С кряжа в распадок спускались ряды вольеров норкового зверосовхоза, откуда, заглушая йодисто-морскую свежесть, толклись крепкие «благовония» норок и рыбьего корма. Да и весь Агар был объят подобным «парфюмом» гниющих водорослей, рыбы и тука. Зато школьный оазис словно заповедно ограждён был от этого запашистого «скунса». Озёрко в «штакетнике» рогоза с куличками-буратинками на пятачке песчаной отмели. Вольный бычок, небодливый, миролюбиво мыкнул, приветствуя меня. Пастораль… Шатровые вязы во главе с трёхэтажной салатовой школой.

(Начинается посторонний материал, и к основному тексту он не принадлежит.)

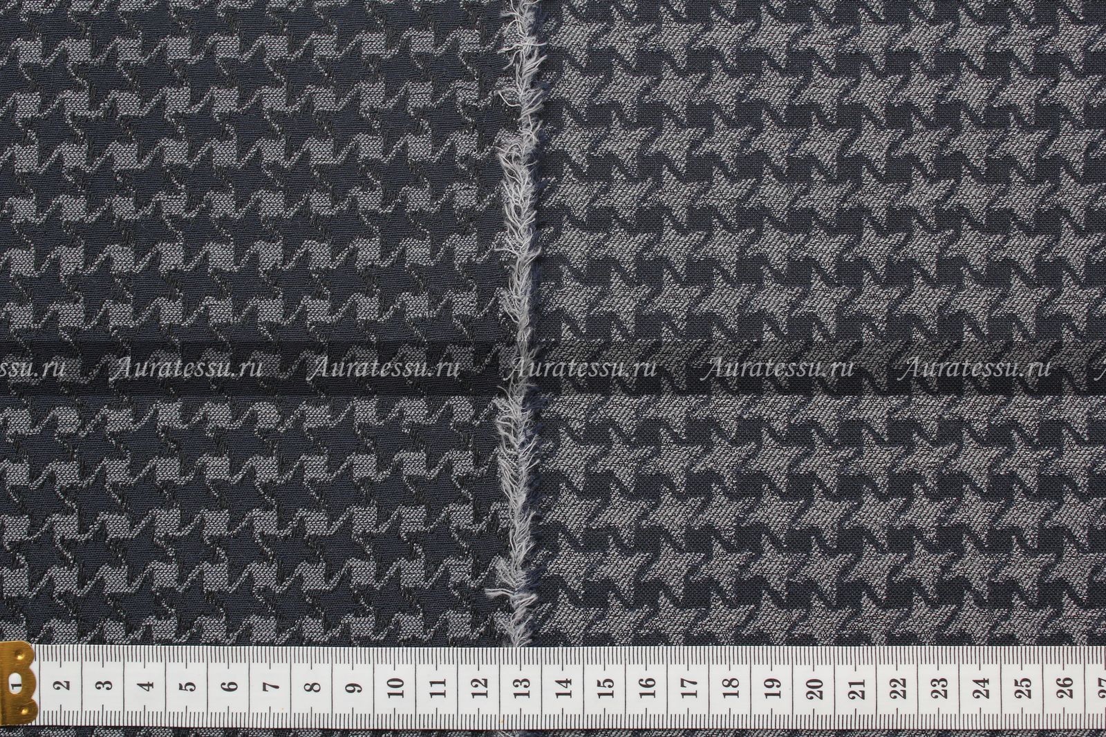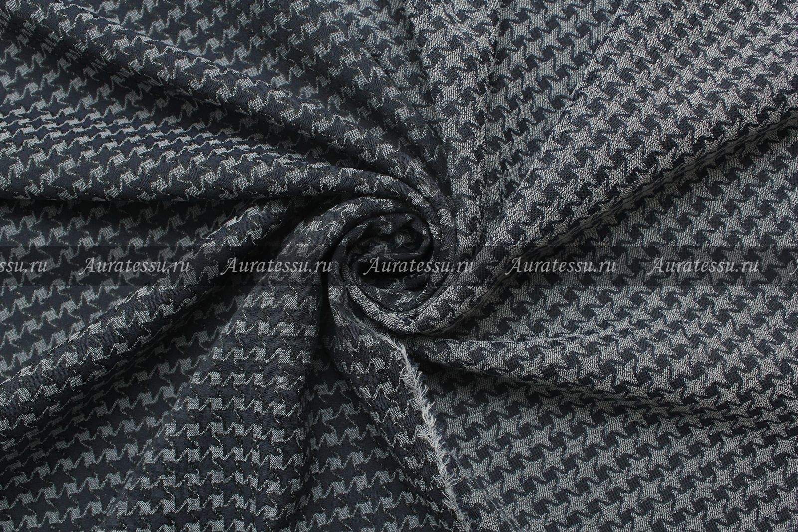 Жаккард стрейч пье-де-пуль серо-чёрная ломаная клетка «звёзды» 380 г/мп
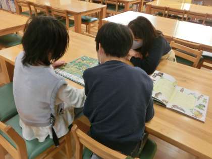 学校図書館で、司書の先生と一緒に絵本をみました。細かいところまでよく見ることができています。
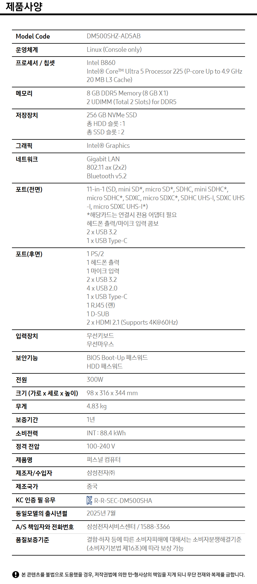 삼성전자 삼성 데스크탑 DM500SHZ-AD5A 혜택가 104만 포토한컴 15세대 i5 8GB 사무용 가정용
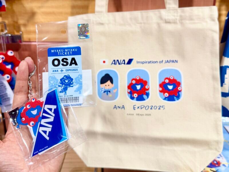 「最近入荷してきたのがこちらのコラボアイテムです」と広報さんにご紹介いただいたのが、ANAコラボ。個人的にはチケットデザインがツボ! キーホルダーもありました。
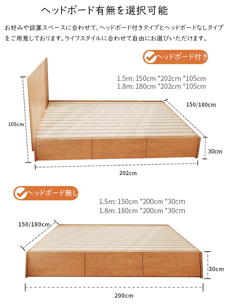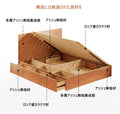 このベッドフレームは天然木を使用し、木の温もりを感じることができます。また、収納付きでお部屋のスペースを有効活用でき、跳ね上げ式なので使わない時はコンパクトに収納できます。快適な眠りとスペースの有効活用を実現します!

Директор Валентин Витальевич, лысоватый, большеголовый, устало посмотрел на направленца огромными, навыкате глазами и снял толстостёклые очки. Подслеповатые глазки его в едва брезжущем пятнистом свете стали закрываться. Веки задёргались, и Валентин Витальевич поспешно надел очки и жутковато уставился на меня увеличенными глазищами:
— У нас, знаете, трудновато. Школа, можно сказать, сторогого режима. Родители в воспитании участвуют слабо. Когда им? Матери — рыбообработчицы, в Зверьках норок для пушных европейских аукционов выращивают. Отцы — на мэрээсках рыбу ловят. Воспитание на школе лежит. А обучение?.. Предметы учениками плохо усваиваются… Может, Андрей Васильевич, в старшие вожатые пойдёте?.. — неожиданно закончил директор психологическую прелюдию…
Я улыбнулся… Вступая в пионеры, старательно учился завязывать галстук не как мешочек, а узлом-коробчкой…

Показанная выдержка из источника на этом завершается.